Marine Polymer Technologies, Inc. v. HemCon Inc.

Summarized by:

  • Court: Intellectual Property Archives
  • Area(s) of Law: Patents
  • Date Filed: 09-26-2011
  • Case #: 2010-1548
  • Judge(s)/Court Below: Before: Lourie, Gajarsa, Dyk
  • Full Text Opinion

PATENTS; INTERVENING RIGHTS (Doctrine of equitable intervening rights protects an accused infringer's ability to make, sell, offer to sell, or use particular items that are covered by a reexamined patent, provided that the items are of the same type that the accused infringer had made, purchased, or used before the reexamination.)

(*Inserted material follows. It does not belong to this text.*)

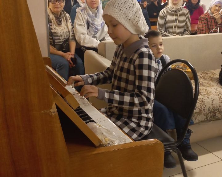 Ребята прославили плотию рожденного Иисуса Христа, делясь друг с другом своими дарами. Звучало пение Рождественских тропаря и кондака, известных многим колядок, дети рассказывали стихи, играли на фортепиано.

HemCon, Inc. (“HemCon”) appealed a judgment of the U.S. District Court of New Hampshire that HemCon infringed Marine Polymer Technologies, Inc.'s (“Marine”) polymer patent. The patented polymer at bar accelerated hemostasis (the process which causes bleeding to stop) and was useful in trauma units for treating serious wounds. Marine had the patent re-examined, to obtain review of the validity of the patent, and to permit correction of the claims to preserve their validity if challenged. While Marine’s patent was being re-examined by the PTO, HemCon came out with their own substantially similar polymer patent. The court found that the doctrine of equitable intervening rights protects an accused infringer's ability to make, sell, offer to sell, or use particular items of the same type that the accused infringer had made, purchased, or used before the reexamination even if the particular item was produced thereafter. The inquiry as to whether equitable intervening rights involves a four factor test: (1) whether non-infringing goods can be manufactured from the inventory used to manufacture the infringing product; (2) whether there are existing orders for the products; (3) whether the accused infringer made substantial preparation to manufacture the products before the reexamination or reissue; and (4) whether the accused infringer relied on the original patent scope in making these preparations. Because HemCon met the four factors, they had absolute intervening rights and the court therefore VACATED the decision of the district court.